## Study material
+++++

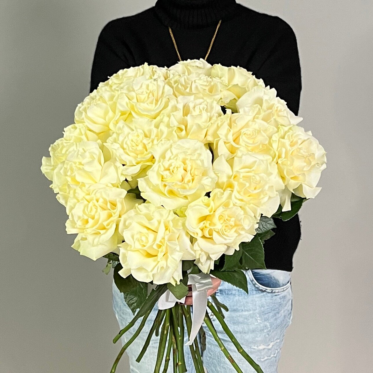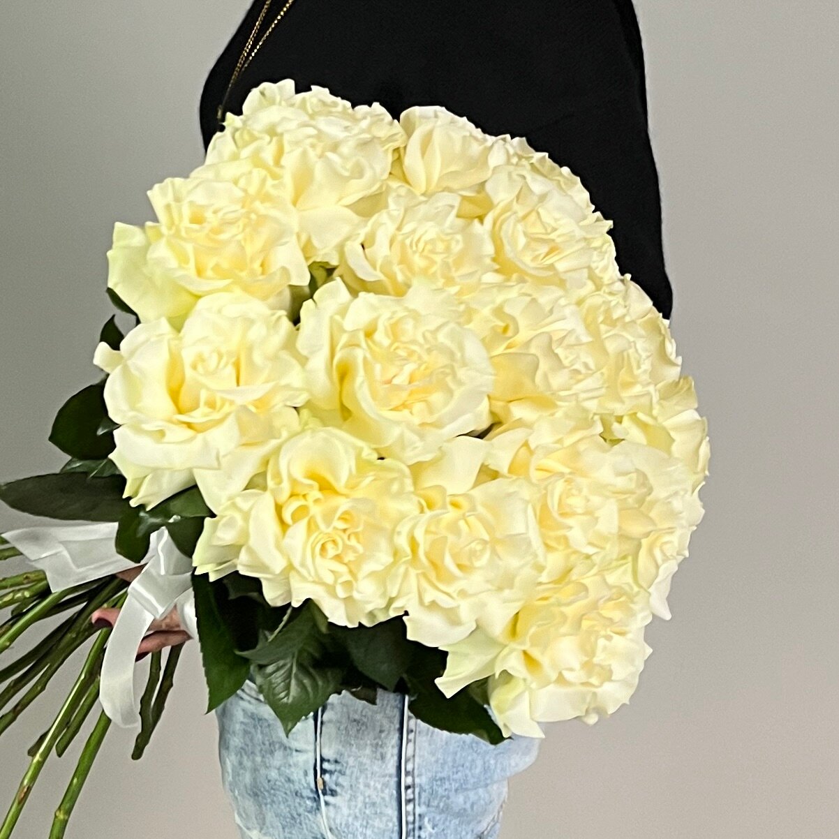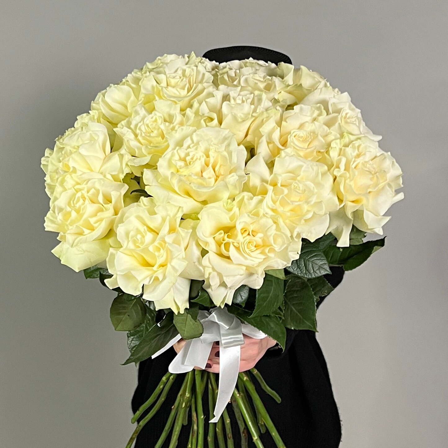 Монобукет живых цветов 25 французских белых роз
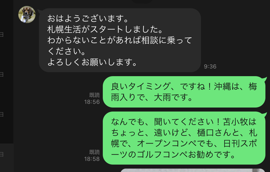 PS.自分のゴルフ友達の一人で、内地から沖縄に移住した、本郷さんから、ラインが来ました。夏?梅雨入りのシーズンだけ、北海道で住んでゴルフするみたいで。自分も北海道ですが、沖縄の良いゴルフシーズンと、これからは北海道がゴルフは最高のシーズンになるので、凄く幸せで、羨ましいゴルフライフだと思います!
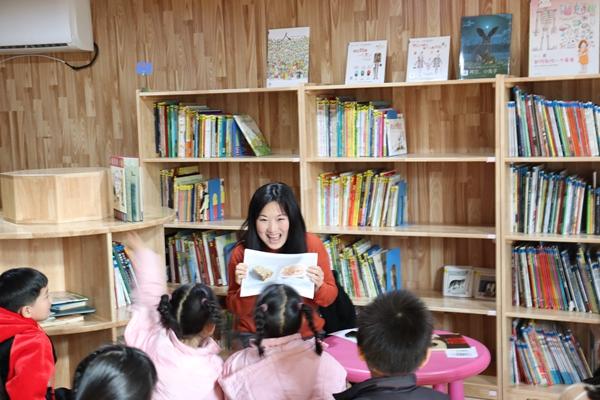 浙江嘉兴梅里有为图书馆,图书馆创始人在给孩子们讲故事。受访者供图
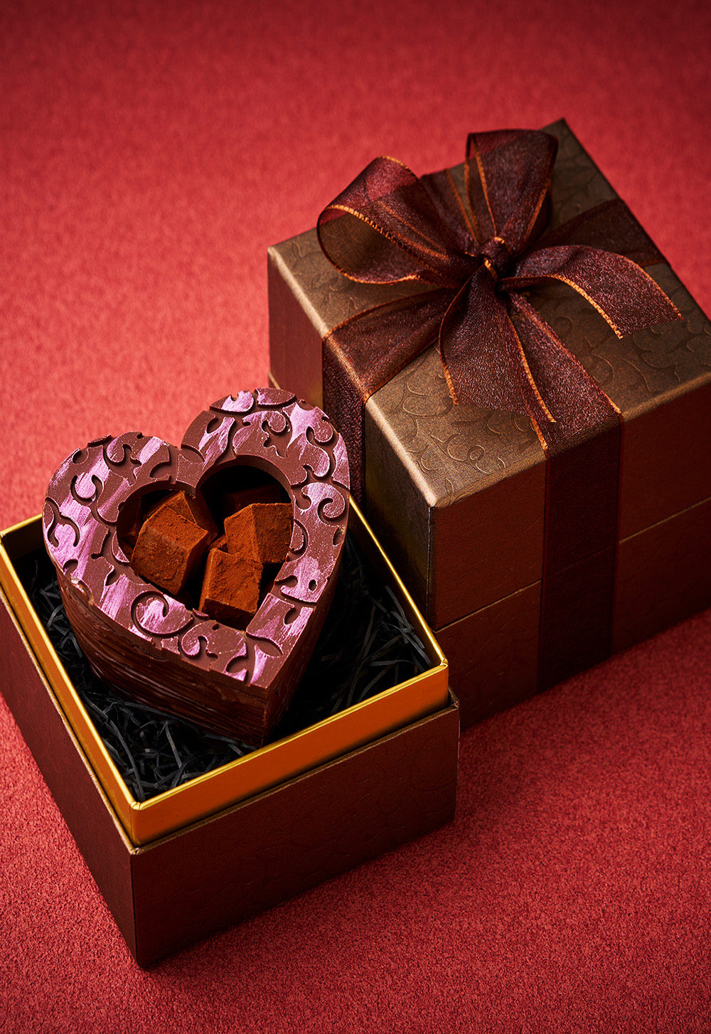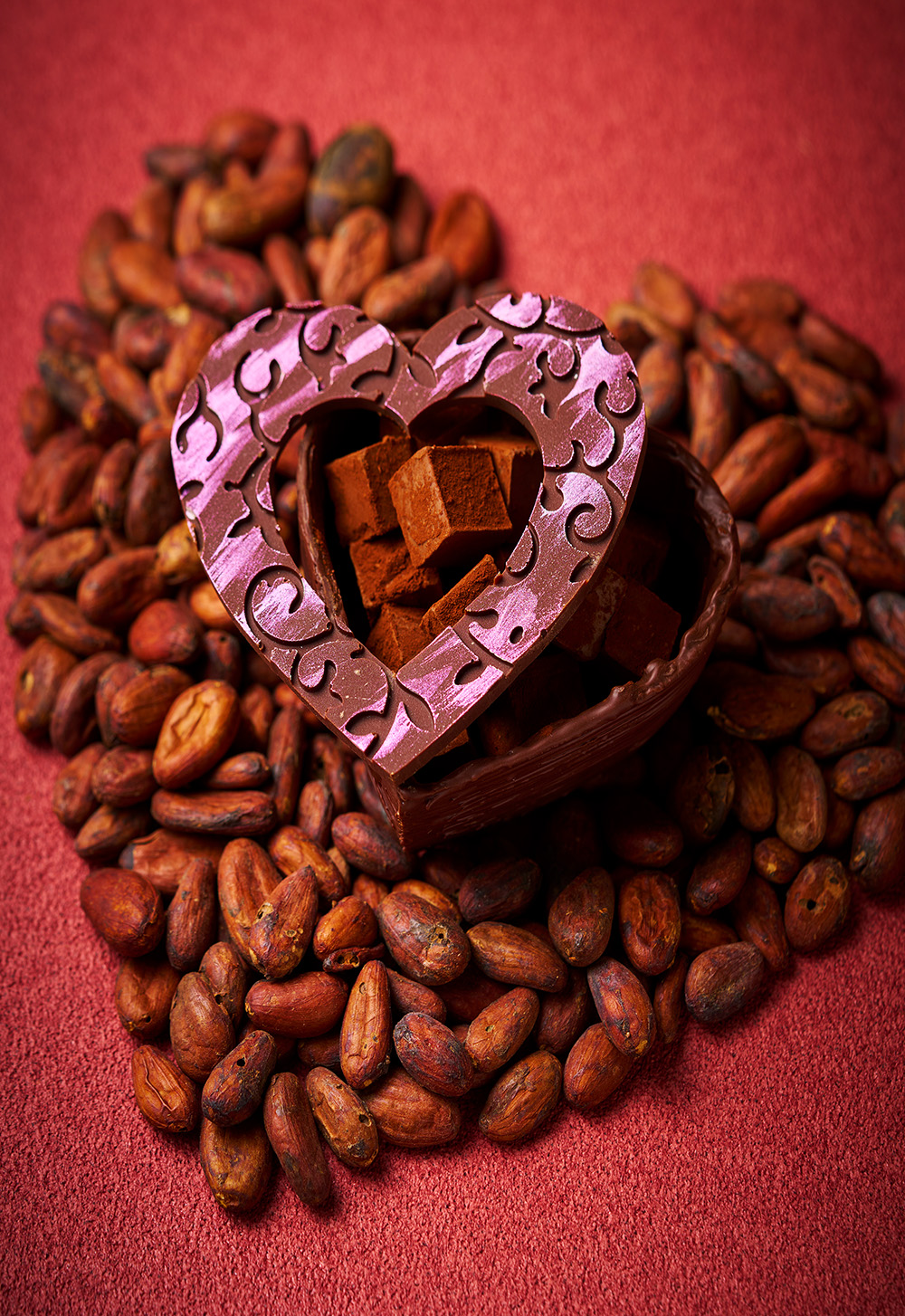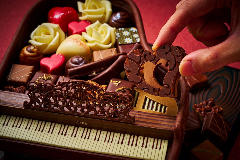 口溶けのよさとチョコレート本来の贅沢な香りを愉しめるパヴェを詰めたハートの器まで食べることのできるショコラ。
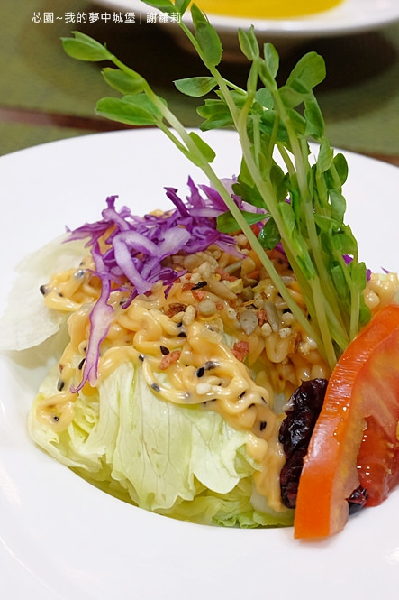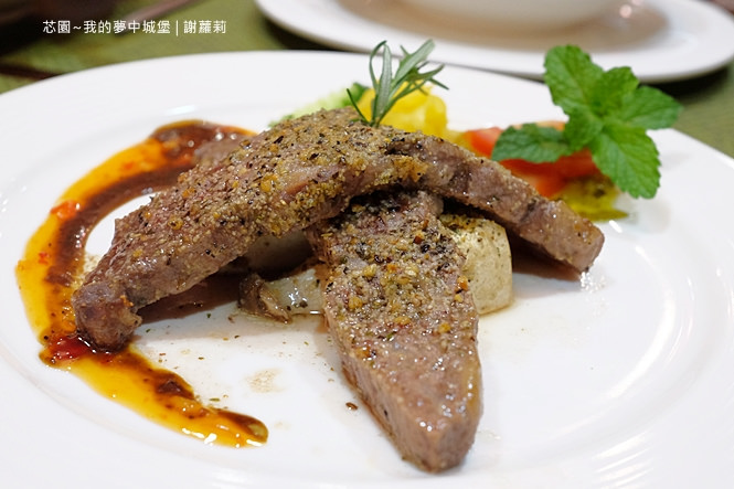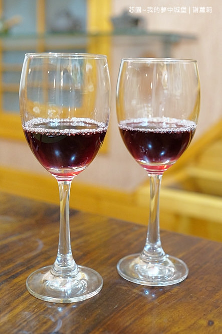 芯園是民宿、也是間餐廳,提供排餐、新加坡料理及一些特色套餐、下午茶,這些都是有對外開放,就算不是住宿客人,依舊能在這裡享用到美味的餐點,而在美食上桌前,會先送上二杯紅酒讓客人們開開胃。
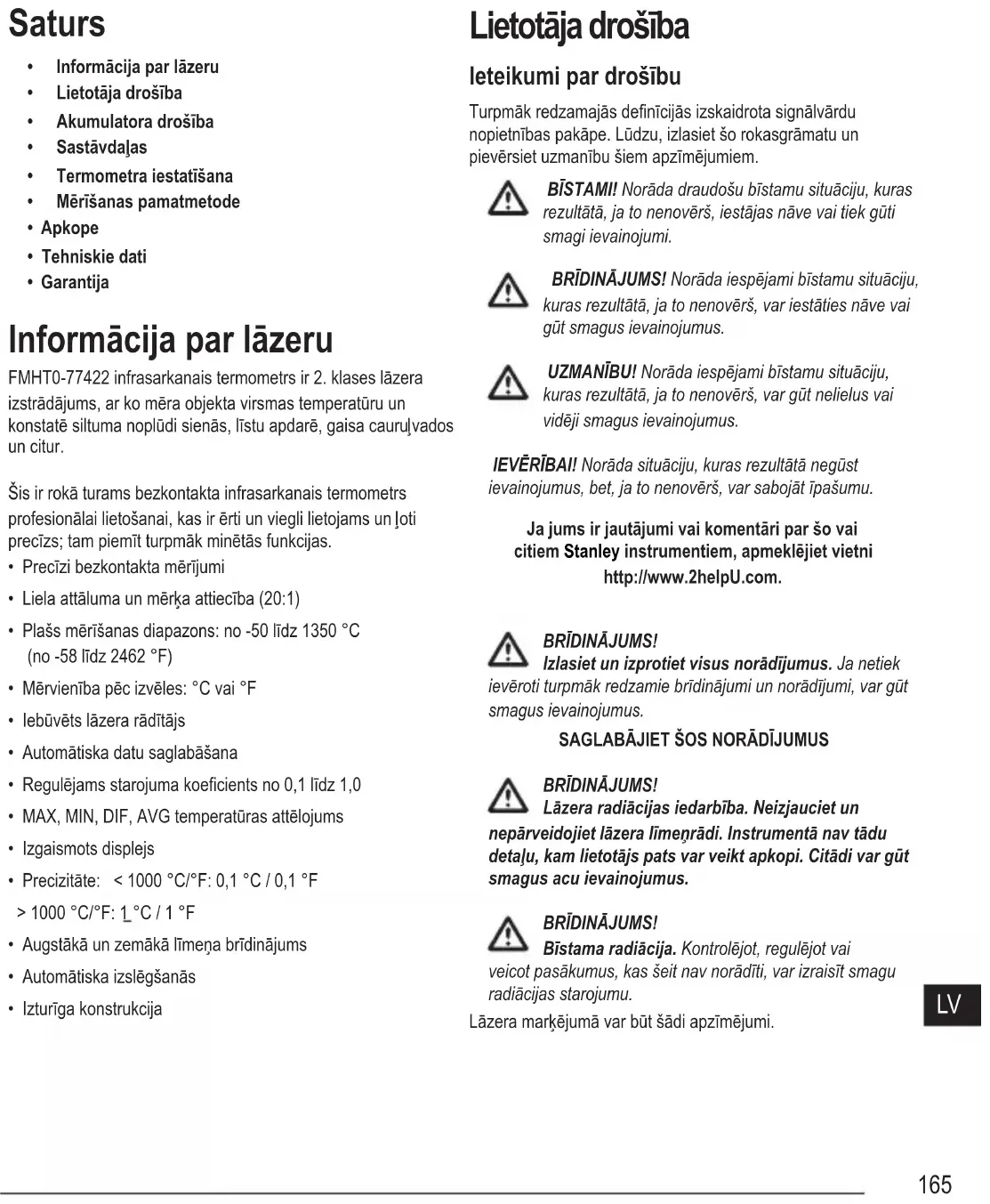 Šī garantija neattiecas uz defektiem, kas radušies negadījumu, nodiluma, nolietojuma un ražotāja lietošanas norādījumu neievērošanas dēļ, kā arī tādu remontu un pārveidojumu rezultātā, kas veikti bez Stanley atļaujas. Remonts vai aizstāšana ar jaunu izstrādājumu neietekmē šīs garantijas termiņu. Ciktāl to atļauj tiesību akti, saskaņā ar šo garantiju Stanley neatbild par netiešiem vai izrietošiem zaudējumiem, kas radušies šī izstrādājuma defektu dēļ. Šo garantiju nedrīkst grozīt bez Stanley atļaujas. Šī garantija nekavē šī izstrādājuma pircēju līgumiskās tiesības. Šī garantija tiek regulēta un ir sastādīta saskaņā ar tās valsts tiesību aktiem, kurā izstrādājums ir pārdots, kā rezultātā Stanley un pircējs neatsaucami piekrīt attiecīgās valsts tiesu piekritībai, ja ir iesniegta sūdzība vai ir jārisina jautājumi šīs garantijas dēļ vai saistībā ar šo garantiju. Garantija neattiecas uz kalibrēšanu un apkopi. PIEZĪME. Klients atbild par instrumenta pareizu lietošanu un apkopi. Turklāt klients pilnībā atbild par lāzera iekārtas precizitātes regulāru pārbaudi un tādējādi par instrumenta kalibrēšanu. Šiī rokasgrāmata var tikt mainīta bez iepriekšēja brīdinājuma.
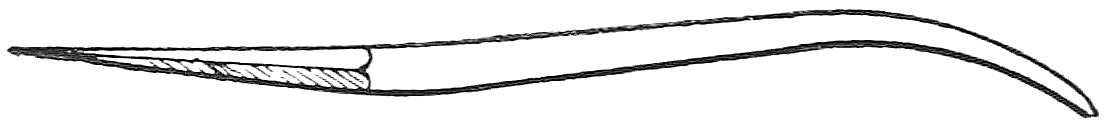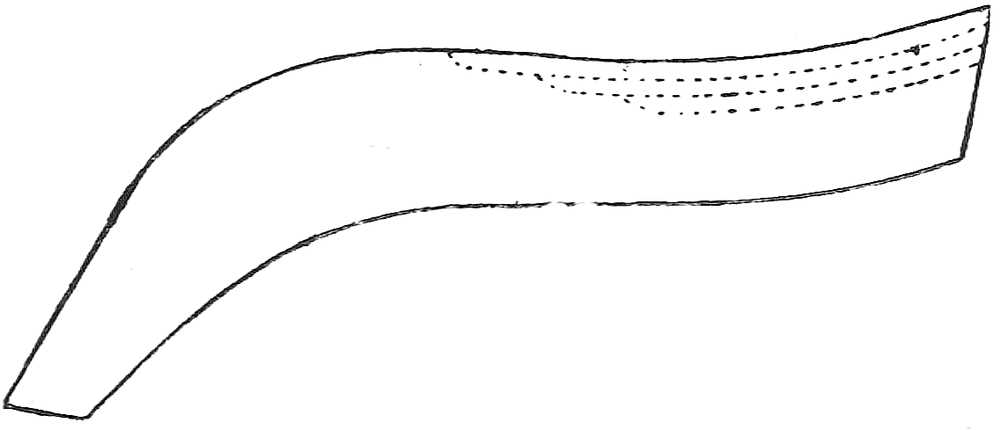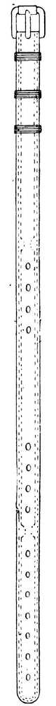 To make the crupper, cut out the body 2 ft. by 1¾ in. and slit it for 8 in. at the strongest end; taper the other end to 1¼ in. wide and cut a 1¼-in. billet 3 ft. 9 in. long. Shave the strong end thin and round the other; cut the lay 16 in. by 1¼ in. and shave one end, rounding the other. The points of the slits and the end of the body must also be shaved, the slit points being tapered. Black and crease them all, only the top of the lay being edged.

+++++

## Task to carry out
Look above for the line with "口溶けのよさとチョコレート本", then give again exactly every line from there through the line with "芯園是民宿、也是間餐廳,提供", skipping the pictures.

## Reply to the exercise
 口溶けのよさとチョコレート本来の贅沢な香りを愉しめるパヴェを詰めたハートの器まで食べることのできるショコラ。
 芯園是民宿、也是間餐廳,提供排餐、新加坡料理及一些特色套餐、下午茶,這些都是有對外開放,就算不是住宿客人,依舊能在這裡享用到美味的餐點,而在美食上桌前,會先送上二杯紅酒讓客人們開開胃。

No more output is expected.